Truthfully, I don’t remember that conversation. Guess I was too focused on getting my share of the cheese. Long before anyone pointed out the significance of moving someone’s cheese.
By an accident of circumstances, I’d fallen into a career perfectly suited for me. One where the clients and jobs changed so rapidly there was no time to get bored. One where every day the smart people I worked with challenged me to do my best and solve big problems. One where the work gave me a huge adrenaline rush.
When my husband and I had that first date, I was on the fast track and working hard to stay there. I’d just been promoted to account supervisor at one of the Midwest’s largest business-to-business advertising and public relations agencies. I’d recently returned from a six-week workshop at our headquarters in New York, where I’d hobnobbed with the up-and-coming leaders of a worldwide agency.
A decade later, I was president of the public relations division, a principal of the firm, with a solid reputation as a client counselor and staff mentor. My future was bright. I was the go-to person and I had the job I’d always dreamed about.
And, after years of having no time to think of anything but the task at hand, of living with a perpetual headache, I was completely burned out.
But how do you walk away from the top of the heap, when you’re only 51? How do you give up the title, the prestige, the paycheck? What person in their right mind would do that?
I probed my career concerns with colleagues, clients and friends, and the money issues with my husband.
Why keep doing these jobs if they’re unsatisfying? I asked a colleague one day. His answer – Because we’re good at it. I found his answer equally unsatisfying.

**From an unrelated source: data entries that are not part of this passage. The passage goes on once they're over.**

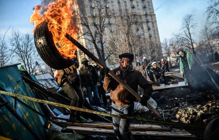 | An anti-government demonstrator burned a tire on Independent Square in Kiev n Feb 21, 2014 (Photo: AFP) |
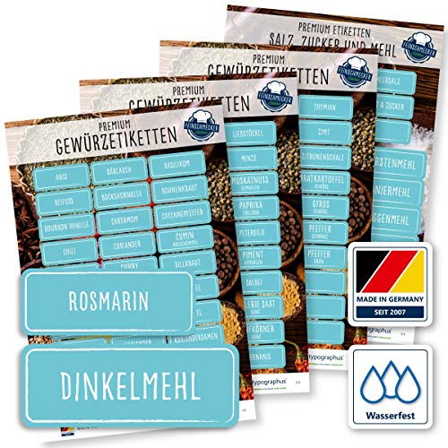 ✔️KOMPLETT - 82 selbstklebende Gewürzetiketten, 7 Aufkleber für Salz und Zucker, 10 Blanko Sticker in Größe 52 x 20 mm ➕ 13 Aufkleber für Mehl, 5 Blanko Sticker in Größe 65 x 25 mm ✔️ HOHE QUALITÄT - Robust und haltbar und trotzdem abwaschbar durch unsere Premium PVC Folie. ✔️ PERFEKTE LESBARKEIT – Detaillierte Schrift, lange Haltbarkeit. Leichtes Verkleben auf Gewürzdosen und Gewürz Gläsern ✔️ PRAKTISCH - Jedes Etikett ist abwischbar und wasserfest. Die Aufkleber sind geeignet für Gewürzgläser, Regal, Gläser und Gewürzdosen ✔️ MADE IN GERMANY - Hergestellt in Deutschland
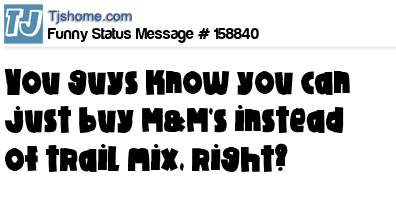 X says You guys know you can just buy M&M's instead of trail mix, right?
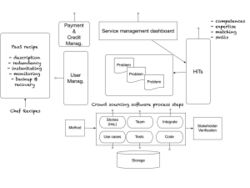 Level 2: teams of people (< 10), well-defined systems, medium large, medium time span (3 to 4 months), adaptive development processes with intelligent feedback in a blackboard architecture. At this level, a crowdsourcing website may support adaptive development process and even concurrent development processes with intelligent feedback with the blackboard architecture; intelligent analysis of coders, software products, and comments; multi-phase software testing and evaluation; Big Data analytics, automated wrapping software services into SaaS (Software-as-a-Service), annotate with ontology, cross reference to DBpedia, and Wikipedia; automated analysis and classification of software services; ontology annotation and reasoning such as linking those service with compatible input/output.

When I posed the same question to the head of the advertising division, his answer – Because our work gives a lot of others good lives – felt more worthy. But still not enough to keep me going.
Perhaps the largest question was at the core of my anxiety: What would people think? Not only was I in the business of managing perception for clients, I’d also spent my own life being what people expected, exceeding what people expected.
One day over lunch, I asked my client, the first female CEO of a major bank, what she’d say if she saw me working as a clerk in a garden supply store (because having some money is actually a necessary thing). She laughed and said, I’d ask if you could get me a job! Apparently I wasn’t the only one wondering if being on top was worth it!
Were the title, the prestige, the paycheck really me? Or was I something else? The more I agonized, the more dissatisfied I became. Finally, I realized I could pick apart the problem forever and get nowhere closer to certainty, not while the job required 120% every day.
I walked into my boss’s office and quit. He countered with a sabbatical. Unbelievably, I agreed.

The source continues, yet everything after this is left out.